JPH056378U - Test jig - Google Patents

Abstract

(57) [Abstract] [Purpose] A socket corresponding to the device is placed on a plane, the socket to be used is selected according to the information of the test program started by the tester, and the socket is connected to the tester and the inspection information. Get a test fixture that can display. [Structure] A multi-input 1-output circuit, that is, a selector having a multiplexing function is constituted by a plurality of switch elements using mercury, and the signal lines of each socket are collected in the selector, and the signal switched by the information from the tester is tested. And a test jig for inspecting by viewing the information on the display.

Description

[Detailed description of the device]

[0001]

[Industrial applications]

 This invention is a test jig with a socket used to inspect the electrical characteristics such as leakage current and current amplification factor of semiconductor devices (hereinafter referred to as devices) such as transistors and diodes using an automatic characteristic tester. It is about.

[0002]

[Prior Art]

 FIG. 5 is a view showing the outer shape of a conventional test jig. In FIG. 5, reference numeral 1 is installed at a position independent of an automatic characteristic tester (not shown, hereinafter referred to as a tester), and electrically connected to a signal cable. The test jig, which is connected to the tester by means of 2, is a socket for easily connecting and disconnecting the device, and the socket for electrically connecting the lead as the electrode of the device to the measurement circuit of the tester, 3 is the inspection with the socket 2 attached. Depending on the type of device to be used, a pin contactor is provided so that it can be inserted / removed into / from the test jig 1 and replaced, and one of the test adapters for transistors, diodes, etc., 4 is the tester above. A plurality of coaxial connectors for exchanging measurement signals between the test jigs 1. 6 is a side view of the test adapter 3. In FIG. 6, 5 is a plurality of pin contacts for facilitating exchange and connection of the test adapter 3, and 6 is inserted into the socket 2 for inspection. The device under test. FIG. 7 is a diagram showing the internal connection of the test jig 1 in the state where the transistor 6 is attached to the socket 2 as a device 6, and in the figure, 4a is the first coaxial connector among a plurality of coaxial connectors 4 connected to the tester. Connector, 4b is the second coaxial connector, 4c is the third coaxial connector, 7 is the electrical signal of the transistor of device 6, 7a is the collector electrode of transistor 7, 7b is the base electrode, 7c is the emitter electrode, 8a is the socket The first contactor among the three contactors 2; 8b is the second contactor; 8c is the third contactor; 9a is the first contactor among the plurality of pin contacts 5; 9b is the second contact, 9c is the third contact, and 10 is a transistor for measuring the current amplification factor (hereinafter referred to as HFE) of the transistor 7. Collector current (IC) flowing through the transistor 7, 11 is a base current (IB) similar to the collector current 10, and 12 is a measurement applied between the collector electrode 7a and the emitter electrode 7c of the transistor 7 when measuring the above HFE. It is the collector-emitter voltage (VCE) as a bias signal.

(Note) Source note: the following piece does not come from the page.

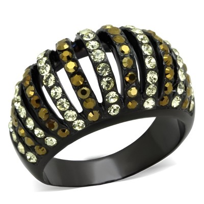 Women’s polished black stainless steel ring showcases a mosaic pattern of varying shapes, accented with clear synthetic crystals arranged in a swirling pave design. The epoxy finish adds durability and a smooth surface that enhances the sparkle of each stone. Designed for versatility, this ring pairs well with casual or formal outfits and is available in sizes 5 through 10. Lightweight yet eye-catching, it’s perfect worn alone or combined with other rings for a layered look.

A conventional test jig is configured as described above. Now, for example, when inspecting a transistor as a device to be inspected, a test adapter 3 having a socket adapted to the electrode arrangement of the device 6 is attached to the test jig 1. Insert the device 6 into the socket 2 as shown in FIG. After that, when the test program of the device 6 is started and executed on the tester, it has a current or voltage value of the magnitude specified by the test program from the tester through the coaxial connector 4, the pin contact 5 and the socket 2. A measurement bias signal is applied to the electrodes of the device for a specified time. For example, in the case of the HFE measurement, as shown in FIG. 7, the collector-emitter voltage (VCE) 12 as the measurement bias signal is positive (+) on the coaxial connector 4a side and negative (-) on the coaxial connector 4c. ) Is applied between the collector electrode 7a and the emitter electrode 7c of the transistor 7 from the tester through these connectors and the connection inside the test jig 1 shown in FIG. At the same time, the collector current 10 passes through the coaxial connector 4a, the pin contactor 9a and the contactor 8a to the collector electrode 7a of the transistor 7, while the base current 11 passes through the coaxial connector 4b, the pin contactor 9b and the contactor 8b. Then, the collector current 10 is supplied for a specified time until it reaches a specified value. Since the tester measures the value of the base current 11, the value of HFE is calculated from the ratio of the known collector current 10 and the value of the base current 11, that is, IC / IB, and becomes the measured value of HFE. Next, the measured value of HFE in the tester is compared with the standard value that was set in advance when the program was created, and the transistor passed (GO), that is, within the standard value or failed (NOGO). Is determined. When inspecting a device (not shown) having an electrode arrangement different from that of the device 6, the test adapter 3 cannot be used. Therefore, pull out the test adapter 3 from the test jig 1 and set the electrode arrangement of the device to be inspected. A suitable test adapter (not shown) is inserted into the test jig 1, and the inspection is performed by the same procedure as above.

[0004]

[Problems to be solved by the device]

 When the types of test devices with different electrode arrangements in the above test jigs increase, it is necessary to prepare the required number of test adapters with sockets suitable for them, resulting in an increase in test adapter manufacturing costs. Also, it is necessary to replace the test adapter each time the type of inspection device changes, so it takes time to replace it, and if you accidentally replace or use a different test adapter, the worst device will be destroyed. For devices different from the standard electrode arrangement, the device insertion direction had to be checked one by one with a separate document, which was a problem.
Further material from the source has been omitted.